▶ _What this task involves_: For every line below, output the text exactly and leave out images.

▶ _Given records_:
● ● ● ●

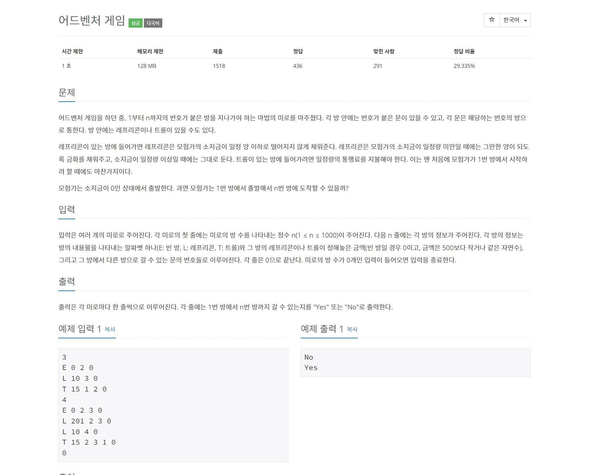 2310번: 어드벤처 게임
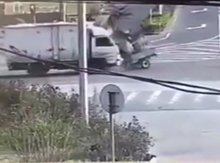 Mulher é atingida em cheio por caminhão; vítima teve ferimentos leves
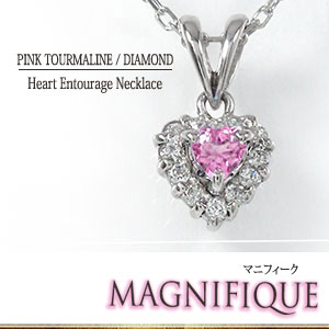 取り巻き ピンクトルマリン ダイヤモンド ネックレス チャーム プラチナ/ MAGNIFIQUE/マニフィーク【工房直販】商品番号- 150804wc01 ◆フランス語で「華やか、素晴らしい…」を意味する言葉…。
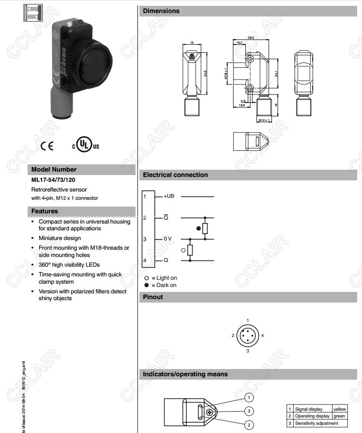 產(chǎn)品: 瀏覽次數(shù):1432ML17-54/73/120,ML17-54/73/136,反射板型傳感器
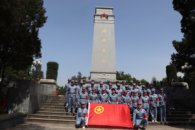 在統(tǒng)一換上紅軍服裝后,青年團員們首先來到金寨紅軍文化廣場。在革命烈士紀念塔下,面對鮮艷的中國共產主義青年團團旗,公司團委書記帶領到場青年團員重溫入團誓詞,牢記初心使命,緬懷革命先烈,傳承五四精神,并對榮獲公司2020年度“五四紅旗團支部”與“優(yōu)秀團員”的集體與個人進行了表彰。

● ● ● ●

▶ _Reply to the task_:
 2310번: 어드벤처 게임
 Mulher é atingida em cheio por caminhão; vítima teve ferimentos leves
 取り巻き ピンクトルマリン ダイヤモンド ネックレス チャーム プラチナ/ MAGNIFIQUE/マニフィーク【工房直販】商品番号- 150804wc01 ◆フランス語で「華やか、素晴らしい…」を意味する言葉…。
 產(chǎn)品: 瀏覽次數(shù):1432ML17-54/73/120,ML17-54/73/136,反射板型傳感器
 在統(tǒng)一換上紅軍服裝后,青年團員們首先來到金寨紅軍文化廣場。在革命烈士紀念塔下,面對鮮艷的中國共產主義青年團團旗,公司團委書記帶領到場青年團員重溫入團誓詞,牢記初心使命,緬懷革命先烈,傳承五四精神,并對榮獲公司2020年度“五四紅旗團支部”與“優(yōu)秀團員”的集體與個人進行了表彰。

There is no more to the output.